- WORK INSTRUCTION -
Repeat each line of the material below exactly as it appears, minus any pictures.

- DATASET SECTION -
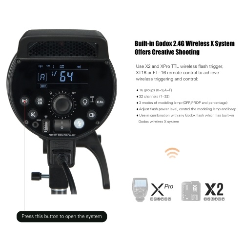 Built-in Godox 2.4G wireless X system with outstanding functions. Using X2 or XPro TTL wireless flash trigger, XT16 or FT-16 remote control to achieve wireless sychronous. (wireless flash trigger and remote control are not included)
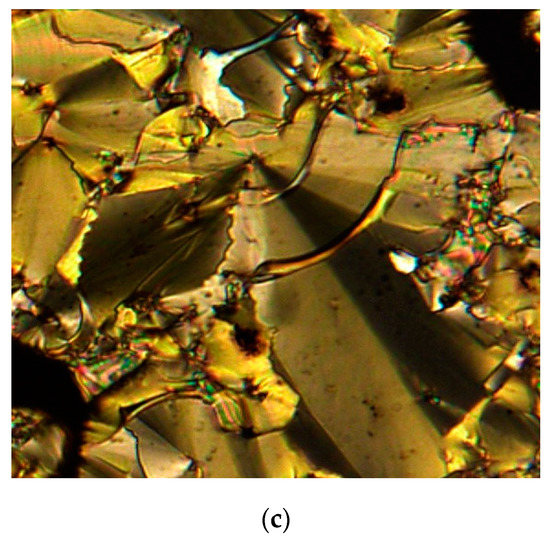 The optical photomicrographs of compounds 6c–e in the heating cycle showed the broken focal conic fans of SmC in the cooling cycle, (a) 150.11 °C for 6c, (b) 144.67 °C for 6d, and (c) 130.55 °C for 6e (Magnification: 20 × 0.25).
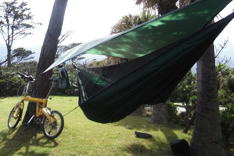 キャンプの基本を表すコトバとしてよく使われる「立つ鳥跡を濁さず」、「来た時よりも美しく」。それはキャンプに限らず、ヒトとしての美しさを自分自身に求めるもの。例えば上画像のようなハンモックテントを使えば、跡さえ残らない。道具選びは、美しさを具現化する戦略の基本。

- ANSWER BELOW -
 Built-in Godox 2.4G wireless X system with outstanding functions. Using X2 or XPro TTL wireless flash trigger, XT16 or FT-16 remote control to achieve wireless sychronous. (wireless flash trigger and remote control are not included)
 The optical photomicrographs of compounds 6c–e in the heating cycle showed the broken focal conic fans of SmC in the cooling cycle, (a) 150.11 °C for 6c, (b) 144.67 °C for 6d, and (c) 130.55 °C for 6e (Magnification: 20 × 0.25).
 キャンプの基本を表すコトバとしてよく使われる「立つ鳥跡を濁さず」、「来た時よりも美しく」。それはキャンプに限らず、ヒトとしての美しさを自分自身に求めるもの。例えば上画像のようなハンモックテントを使えば、跡さえ残らない。道具選びは、美しさを具現化する戦略の基本。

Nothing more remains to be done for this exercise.